» RECORD EXCERPTS
· · · · ·
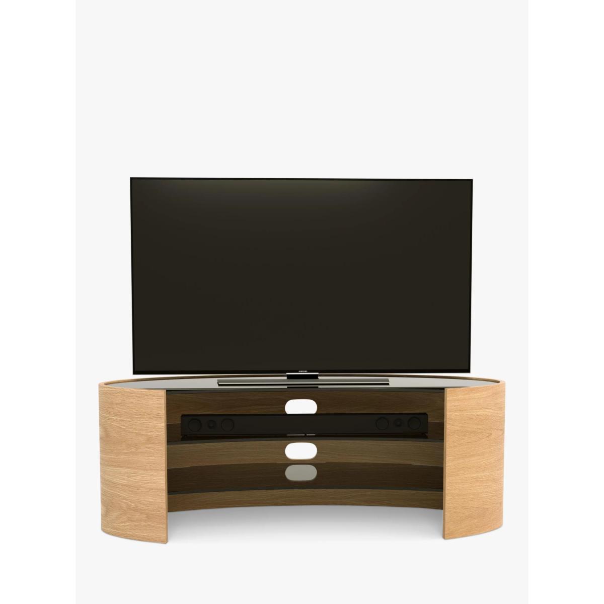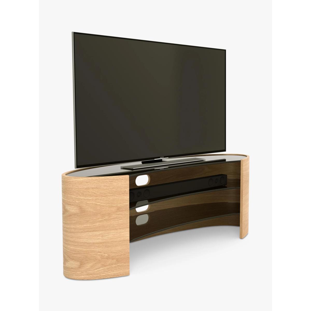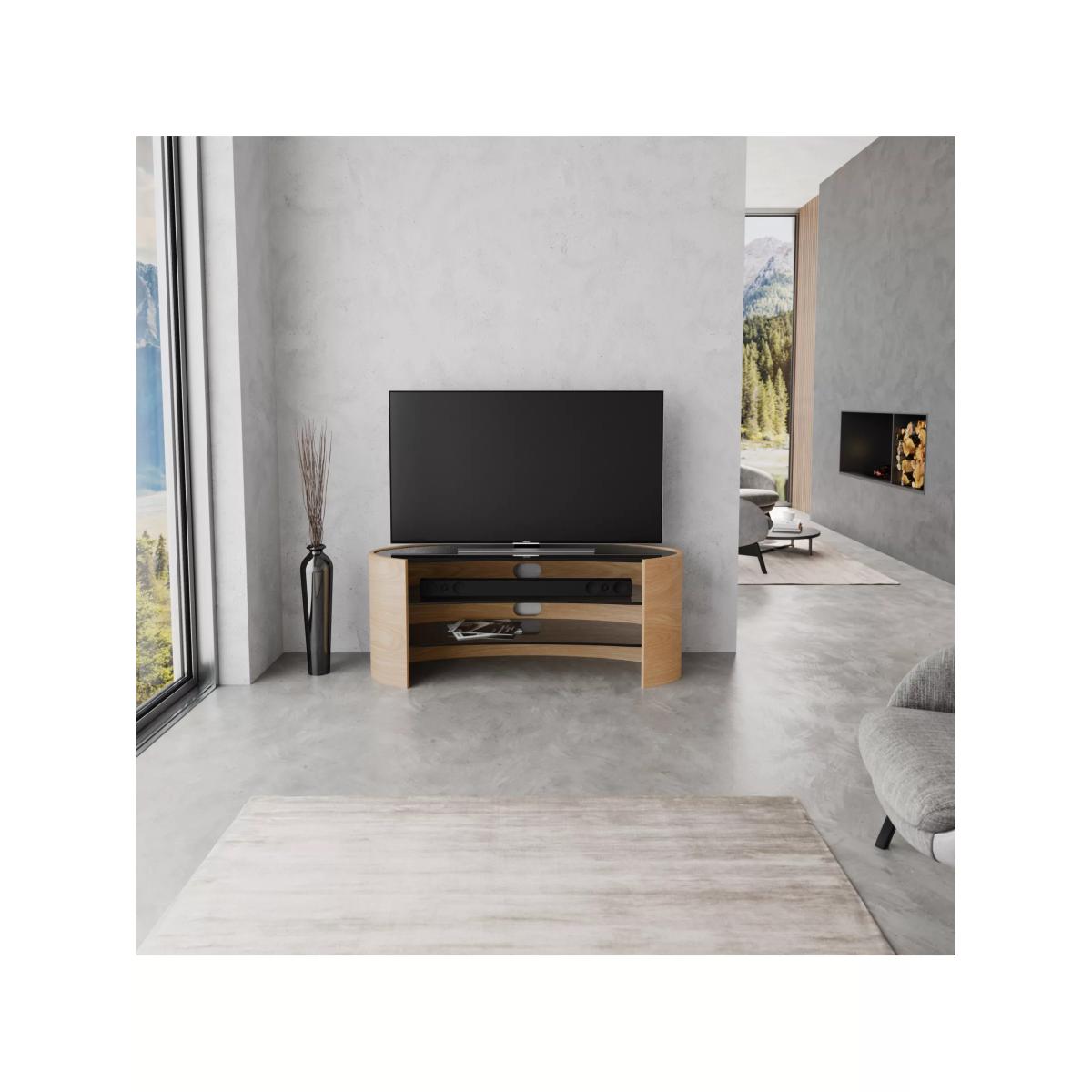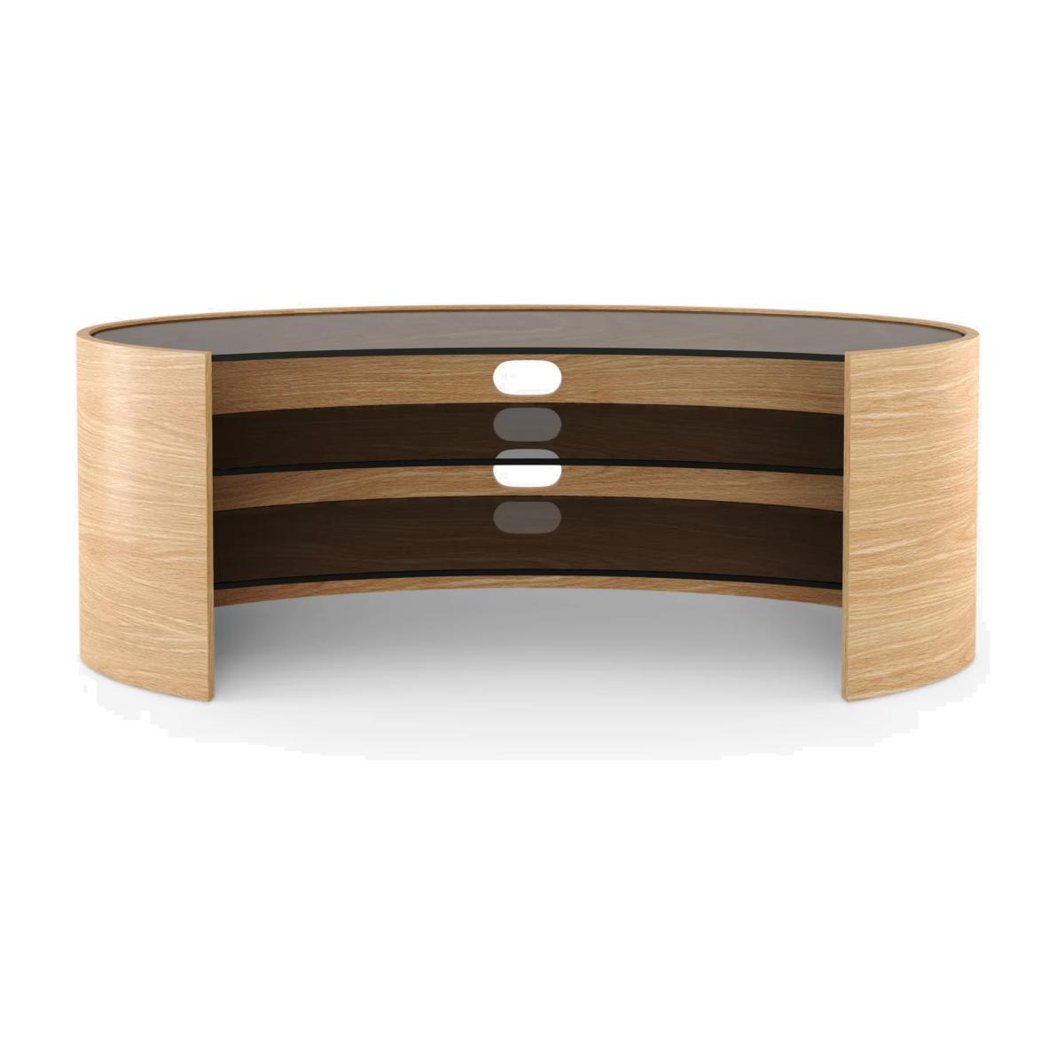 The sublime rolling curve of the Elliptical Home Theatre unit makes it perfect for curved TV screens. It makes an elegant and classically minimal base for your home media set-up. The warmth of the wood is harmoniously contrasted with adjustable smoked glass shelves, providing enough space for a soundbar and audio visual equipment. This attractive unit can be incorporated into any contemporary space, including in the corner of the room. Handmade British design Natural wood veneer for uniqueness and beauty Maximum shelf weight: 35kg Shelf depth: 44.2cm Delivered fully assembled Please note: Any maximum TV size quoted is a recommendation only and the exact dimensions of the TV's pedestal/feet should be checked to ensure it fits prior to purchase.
· · · · ·
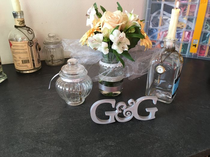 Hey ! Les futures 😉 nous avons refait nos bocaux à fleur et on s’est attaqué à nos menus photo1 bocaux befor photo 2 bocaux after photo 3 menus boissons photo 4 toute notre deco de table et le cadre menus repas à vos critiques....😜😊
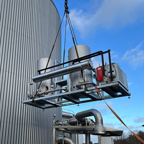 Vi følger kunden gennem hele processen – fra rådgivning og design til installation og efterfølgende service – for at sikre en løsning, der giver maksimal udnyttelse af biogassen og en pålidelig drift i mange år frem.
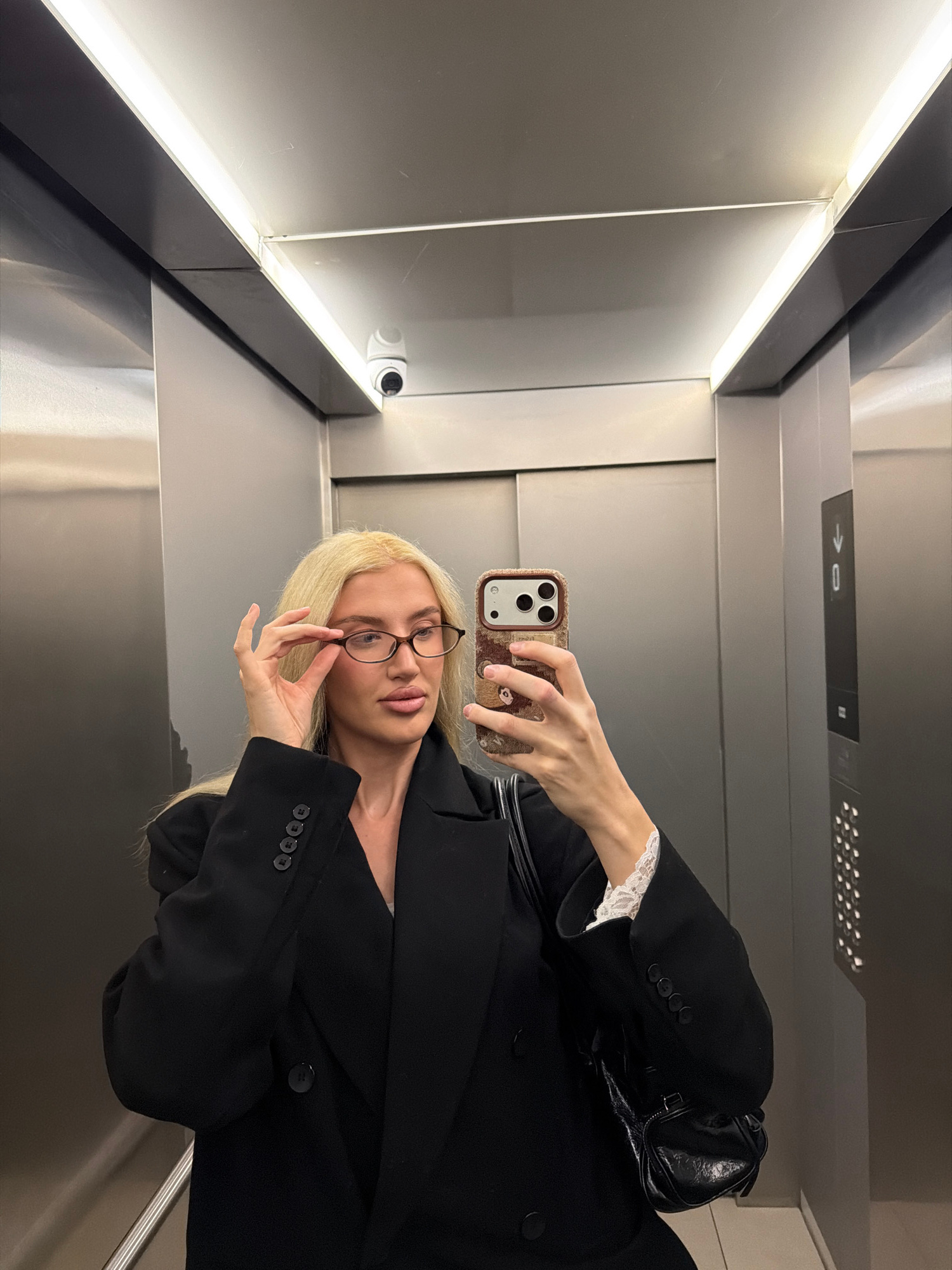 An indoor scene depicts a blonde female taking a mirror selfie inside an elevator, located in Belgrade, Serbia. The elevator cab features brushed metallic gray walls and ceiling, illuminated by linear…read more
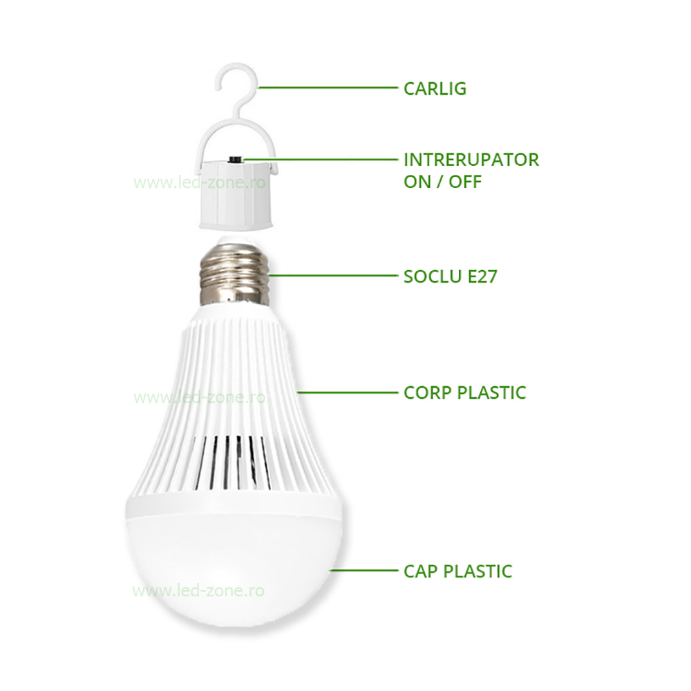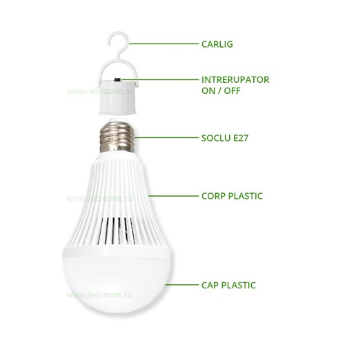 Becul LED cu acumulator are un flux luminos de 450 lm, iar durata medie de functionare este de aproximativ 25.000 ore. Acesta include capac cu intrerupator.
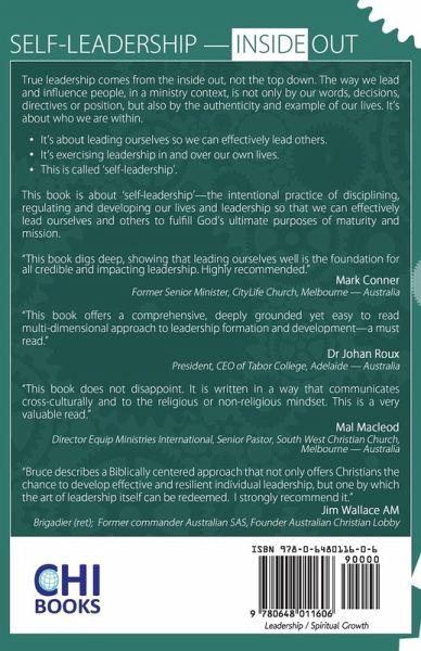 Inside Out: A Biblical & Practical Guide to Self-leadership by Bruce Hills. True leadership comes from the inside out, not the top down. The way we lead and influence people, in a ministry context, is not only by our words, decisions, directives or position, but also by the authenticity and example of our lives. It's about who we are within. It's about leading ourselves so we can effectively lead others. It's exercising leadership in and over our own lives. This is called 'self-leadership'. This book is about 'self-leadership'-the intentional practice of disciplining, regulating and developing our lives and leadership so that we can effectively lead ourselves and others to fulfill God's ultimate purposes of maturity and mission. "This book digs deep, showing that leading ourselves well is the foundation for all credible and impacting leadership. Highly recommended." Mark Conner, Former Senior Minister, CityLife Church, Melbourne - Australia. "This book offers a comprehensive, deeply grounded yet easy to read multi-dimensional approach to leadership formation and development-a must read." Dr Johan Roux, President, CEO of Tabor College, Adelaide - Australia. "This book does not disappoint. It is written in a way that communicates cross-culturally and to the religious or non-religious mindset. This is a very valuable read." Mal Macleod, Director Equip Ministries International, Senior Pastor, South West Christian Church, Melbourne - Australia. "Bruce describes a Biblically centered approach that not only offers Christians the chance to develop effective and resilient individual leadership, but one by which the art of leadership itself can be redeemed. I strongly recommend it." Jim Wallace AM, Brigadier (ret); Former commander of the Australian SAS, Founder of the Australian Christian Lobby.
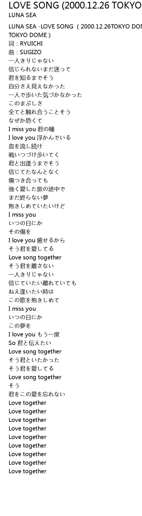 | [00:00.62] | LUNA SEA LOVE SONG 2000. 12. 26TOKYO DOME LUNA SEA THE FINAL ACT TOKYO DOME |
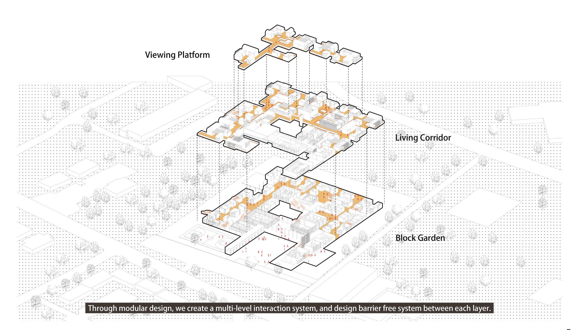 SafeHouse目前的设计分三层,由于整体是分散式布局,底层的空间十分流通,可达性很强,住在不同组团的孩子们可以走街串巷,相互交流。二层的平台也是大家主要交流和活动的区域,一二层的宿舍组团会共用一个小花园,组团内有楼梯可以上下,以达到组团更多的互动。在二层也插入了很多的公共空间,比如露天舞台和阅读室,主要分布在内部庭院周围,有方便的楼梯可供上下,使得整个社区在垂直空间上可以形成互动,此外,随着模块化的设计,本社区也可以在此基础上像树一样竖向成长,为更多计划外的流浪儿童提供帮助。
· · · · ·
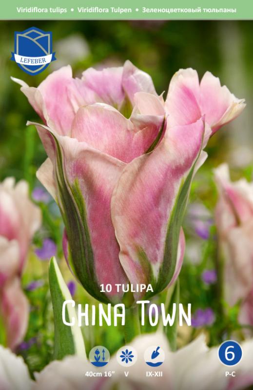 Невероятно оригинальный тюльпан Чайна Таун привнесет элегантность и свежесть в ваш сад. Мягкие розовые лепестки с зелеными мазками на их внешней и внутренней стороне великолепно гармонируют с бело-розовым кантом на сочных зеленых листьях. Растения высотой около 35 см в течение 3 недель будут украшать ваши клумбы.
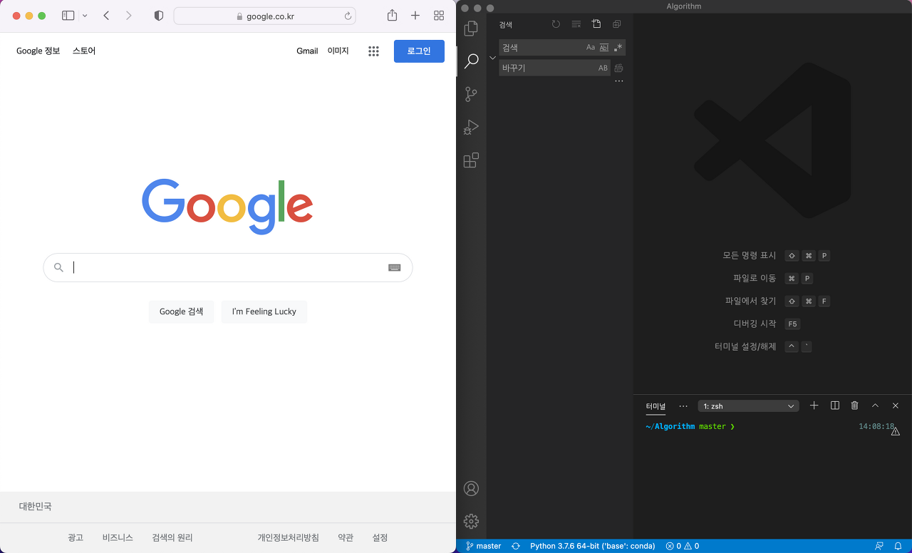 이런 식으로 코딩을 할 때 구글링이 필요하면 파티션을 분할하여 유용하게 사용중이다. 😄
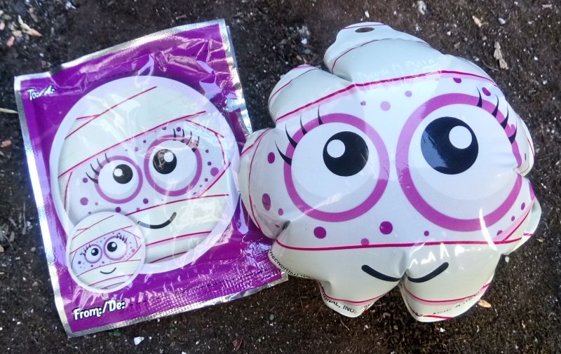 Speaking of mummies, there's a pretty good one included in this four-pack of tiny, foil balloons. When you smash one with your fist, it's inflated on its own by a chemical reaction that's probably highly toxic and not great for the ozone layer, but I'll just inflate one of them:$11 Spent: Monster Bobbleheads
· · · · ·
» DIRECTIONS
Would you please reproduce the entries above, starting at the line with "An indoor scene" and stopping after the line with "Becul LED cu"? Omit any pictures.

» WRITTEN ANSWER
 An indoor scene depicts a blonde female taking a mirror selfie inside an elevator, located in Belgrade, Serbia. The elevator cab features brushed metallic gray walls and ceiling, illuminated by linear…read more
 Becul LED cu acumulator are un flux luminos de 450 lm, iar durata medie de functionare este de aproximativ 25.000 ore. Acesta include capac cu intrerupator.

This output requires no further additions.